Just as the International Atomic Energy Agency has approved of dispersing contaminated wastewater into the Pacific Ocean, the agency last September gave final approval to Japan’s plan for using the radioactive soil and fly ash (now piled in 14 million 1-tonne bags) for public works projects, saying that the scheme is “consistent with IAEA safety standards.”
Ongoing earthquakes & aftershocks
As if accidents with wastewater pumping, Pacific Ocean poisoning with radioactive wastewater, and spreading millions of tons of cesium-tainted soil around the public commons weren’t hazardous enough, routine earthquakes and their aftershocks off northeast Japan relentlessly rock the Fukushima disaster site and threaten to crack open giant tanks now holding 1.3 million tons of highly radioactive wastewater. Relentlessly frequent quakes also endanger the means of water cooling the 880 tons of molten reactor fuel (or ‘corium’) still thermally hot and radioactively unreachable somewhere beneath the three smashed reactors.
On January 23, after a 5.2 magnitude quake hit the Fukushima Prefecture’s Aizu area, the government warned of possible aftershocks and urged people to “stay vigilant” against landslides and avalanches. Last April 4, a 6.1 magnitude quake rattled Fukushima’s coastline just 47 miles off the site of the three meltdowns — far closer than the super quake of March 2011, the biggest in Japan’s recorded history, which was 80 miles offshore.
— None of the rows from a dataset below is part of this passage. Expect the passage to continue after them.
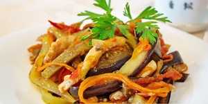 Осьминога порезать крупными кусками, добавить в салат и перемешать с острым соусом.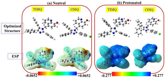 The two examined inhibitors’ optimal geometrical structures and molecule electrostatic potential maps are shown in Figure 13. The molecular electrostatic potential (ESP) maps were utilized to qualitatively indicate and visualize the active centers that are susceptible electrophilic and nucleophilic attacks. These maps switched from a negative to a positive potential as follows: red (−Ve) < orange < green < blue (+Ve). The potential values were in the range of −0.0652 to +0.0652 au for the neutral molecules and from −0.277 to +0.277 au for the protonated species. In these maps, the negative regions (strong red color) correspond to the regions that exhibited a tendency to transfer electrons from the inhibitor to the metal surface, which were responsible for electrophilic attacks. The positive potential (blue regions) refer to the parts of the molecule that exhibited a capability to receive electrons from the metal surface, which consequently, were responsible for nucleophilic attacks [95,96]. In the neutral forms, the imine nitrogen atoms in both the pyridine and imidazole rings, as well as the π-electron of the phenyl groups, were shaded with the red color at the center, which were responsible for donating electrons to the unoccupied 3D orbitals of the Fe metal. The part of the molecules that captured electrons from the occupied 3D orbitals of the Fe metal were shaded by a dark blue color, such as some of the carbon atoms of the from the phenyl ring of the quinoline moiety. The ESP maps of the protonated forms were mostly covered by a blue color due to the protonation of the two nitrogen atoms that exhibited sp2 hybridization. These results indicate that in acidic medium the two inhibitors could interact with the metal surface due to the donation of the π-electrons from the phenyl groups.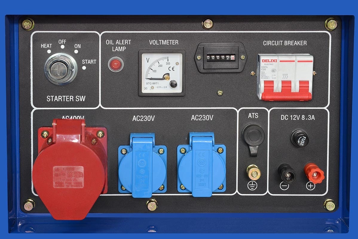 - Панель управления содержит вольтметр для отображения напряжения, счетчик моточасов, а также, индикатор уровня масла и индикатор топлива, автомат защиты

Clean-up workers increasingly fear contamination
Following a string of clean-up related radiation accidents at the devastated station, Tepco workers have grown more concerned about their safety. The daily Asahi Shimbun reports that a Tepco survey its workers found that over 40 percent of the workforce was worried about jobsite “radiation issues.” Of this group, 52% said “physical contamination” was their main concern, seven percentage points higher than its 2023 survey. Tepco said that the repetition of exposure accidents on site have likely increased workers’ worries.
In October 2024, two workers were hospitalized after being splashed with highly radioactive liquid wastes bursting from a hose that disconnected inside a wastewater treatment building. And in February 2024, about 5.5 cubic meters, or 5.5 metric tonnes, of highly radioactive liquid waste gushed from the a “cesium absorption apparatus” in an incinerator building before a worker noted it and closed a valve.
The Citizens Nuclear Information Center in Tokyo keeps close track of the routine accidents taking place at Fukushima and across Japan’s nuclear industry here.
New documentary: “Unfogging Fukushima”
The China Global Television Network (CGTN) has produced an English language documentary on the three simultaneous reactor meltdowns and their massive radioactive releases which premiered December 31, 2024.
The network announced the debut noting, “Despite extensive efforts over the past 13 years, problems such as discharging nuclear-contaminated water into the sea still exist. CGTN visited the worst-hit area, measured nuclear radiation, and investigated the truth behind the enduring consequences of the accident.” The film is available here.